I’ll try to keep a very long story as short as possible...
My parents live in the country, at the end of a 6 mile copper wire. To our knowledge their speed has always been around 0.5mbps at best which they had resigned themselves to years ago as it was just about enough to meet their needs.
They've had literally dozens of issues over the past 8 years and each time an engineer comes out and says they’ve fixed it, which lasts a varying amount of time. This time, however, they have been without internet for 5 weeks (it has occasionally randomly come on at times, but never for more than 48 hours). They’ve had every inch of the cabling from the hub all the way back to the exchange checked, 6 engineers called out (2 didn’t show), new hub (they had a 2.0 and on changing it the internet stopped again!), they had an open reach ‘expert’ last Friday who said the issue was that the signal being sent down the line was too weak to sustain a reliable connection at the house, the further down the line the speeds just drop, however if BT were to change the connection to a stronger - 24mbps - connection at the exchange it would help.
BT say this isn’t possible. Literally ‘computer says no’.
My dad has taken 6 days of annual leave waiting for calls or engineers to visit. Every single advisor has a different story and claims what the last one told them is wrong. In one day alone they had over 5000 dropouts!
They know there’s nothing wrong with the line. They’d be happy with 1mbps!! If BT aren’t providing the minimum of 1-3mbps then surely they shouldn’t be paying?
Where can they go from here?
can you enter the phone number and post results remember delete number
https://www.broadbandchecker.btwholesale.com/#/ADSL
Up to 1 | -- | 1 to 3.5 | Available | Available | -- |
Up to 1 | Up to 0.5 | 1 to 3.5 | Available | Available | -- |
Up to 0.5 | -- | 0.25 to 1.5 | Available | Available | -- |
0.5 | -- | -- | Available | Available | -- |
0.5 | -- | -- | Available | -- | -- |
1.09 |
0.06 |
2019-09-29 |
Available |
U |
N |
N |
23-04-2021 |
N |
N |
Y |
The premise/line is associated with exchange which is NOT part of current fibre priority programme.
The premise/line is associated with exchange where WLR is not withdrawn.
The premise/line is associated with exchange where SOADSL service is restricted.
FTTP is not available.
For all ADSL and WBC Fibre to the Cabinet (VDSL or G.fast) services, the stable line rate will be determined during the first 10 days of service usage.
Actual speeds experienced by end users and quoted by CPs will be lower due to a number of factors within and external to BT's network, Communication Providers' networks and within customer premises.
@imjolly I hope this is clear enough.
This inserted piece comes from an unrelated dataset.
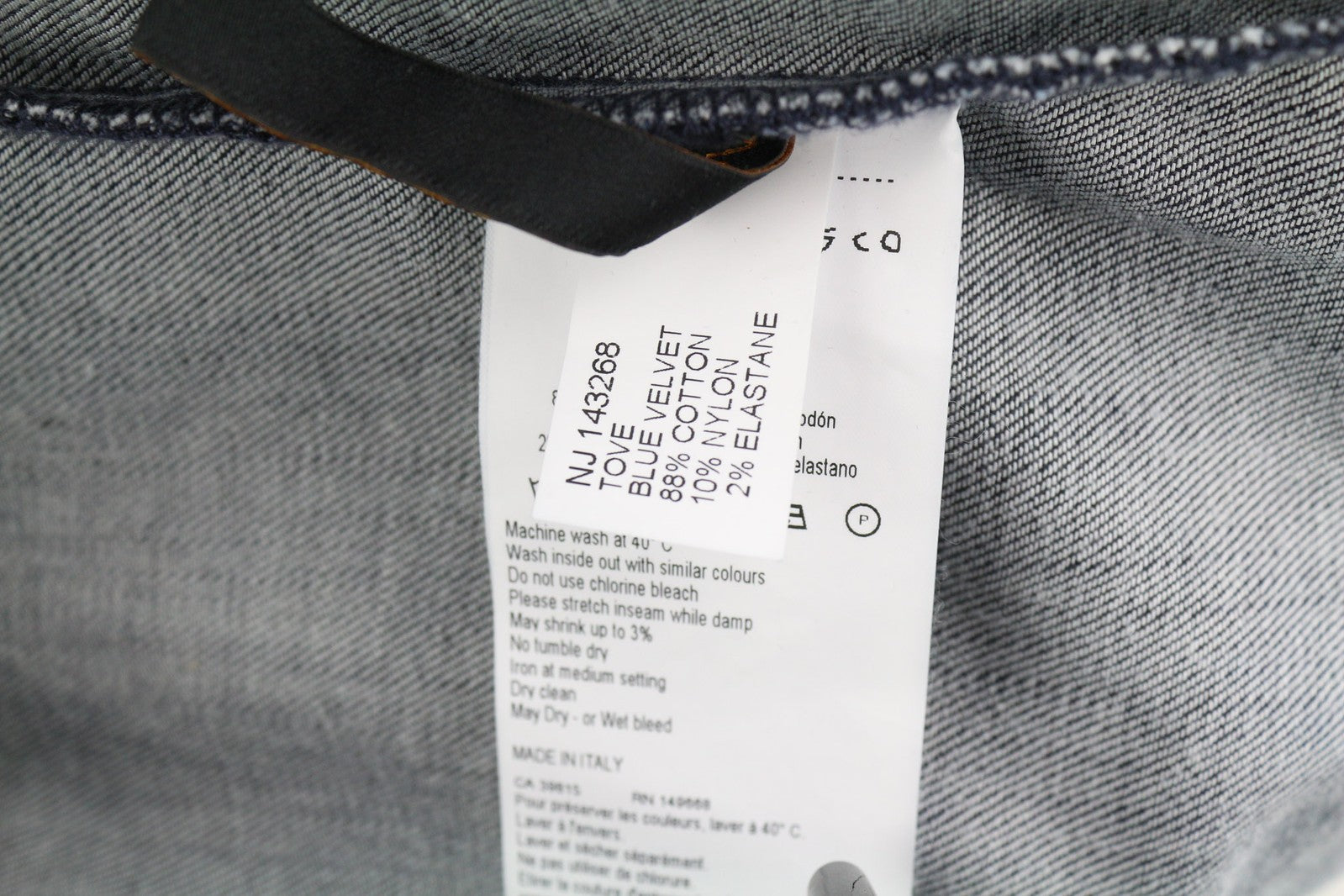 NUDIE Tove Women Jacket M Blue Velvet Neck Buttoned Dark Long Sleeve Logo

A screenshot was too big a file to attach.
sorry but there is nothing in checker results that gives any hope of a faster connection at present
does your phone line work? any noise - dial 17070 option 2 should be silent apart from announcement
Yes the phone line has pretty much always been absolutely fine.
This is where the frustration lies - nobody will actually commit to saying the internet will never actually be any faster, apart from yourself and the specialist engineer last Friday who said BT would need to connect the line to another exchange which has a 24mbps signal, but BT are pushing back saying they can’t/won’t do that.
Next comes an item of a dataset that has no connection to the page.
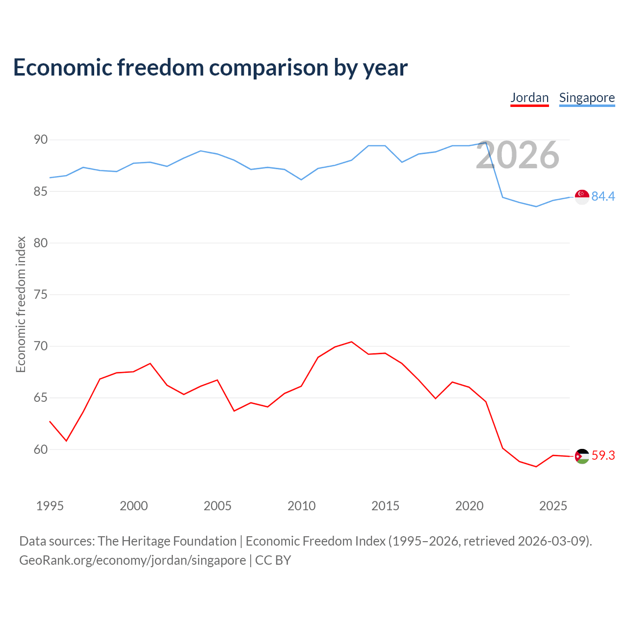 The Economic Freedom Index for Jordan is 59.3, ranking 104/197, compared to 84.4 for Singapore, ranking 1/197. The chart above displays a comparison of annual changes in economic freedom indexes.

To add to the frustration there are hundreds of new homes being built about a mile away (on the other side of the house to where their line is) which all have fiber being installed!
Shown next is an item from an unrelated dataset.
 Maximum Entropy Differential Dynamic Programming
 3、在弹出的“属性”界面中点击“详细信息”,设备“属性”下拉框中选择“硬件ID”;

are you able to post any stats from the hub
in order for the forum members to help please can you post the stats from your router (if hub enter 192.168.1.254 in your browser) and if HH5 then go to troubleshooting then helpdesk and if HH6/SH2 then advanced settings then technical log information .
Someone may then be able to offer help/assistance/suggestions to your problem
@Weekailz wrote:
however if BT were to change the connection to a stronger - 24mbps - connection at the exchange it would help.
Clearly the 'engineer' didn't understand how broadband works.
The 'Stronger' 24Mbps signal (ADSL2+) isn't 'Stronger' it uses a wider range of frequencies giving the extra speed. However, this extra speed will not travel the same distance as basic ADSL as the higher frequencies used are attenuated more.
On a very long line, as counter intuitive as it sounds, ADSL will give a higher speed than ADSL2+
To be honest, at 6 miles from the exchange you are lucky to get any signal at all.
‘Clearly the 'engineer' didn't understand how broadband works.’
Unfortunately you’re right.
Believe it or SFI Training used to only be given to experienced Engineers who had proved their worth. The SFI training Course was an instructor lead 5 day training programme followed by field training with an experienced SFI Engineer, usually for a few weeks.
Now SFI Training is done via Computer Based Training that lasts a few hours and the field training has been reduced to a few days and what makes it worse some of the people who are mentoring the newly trained people have themselves only been doing SFI work for a few months at best.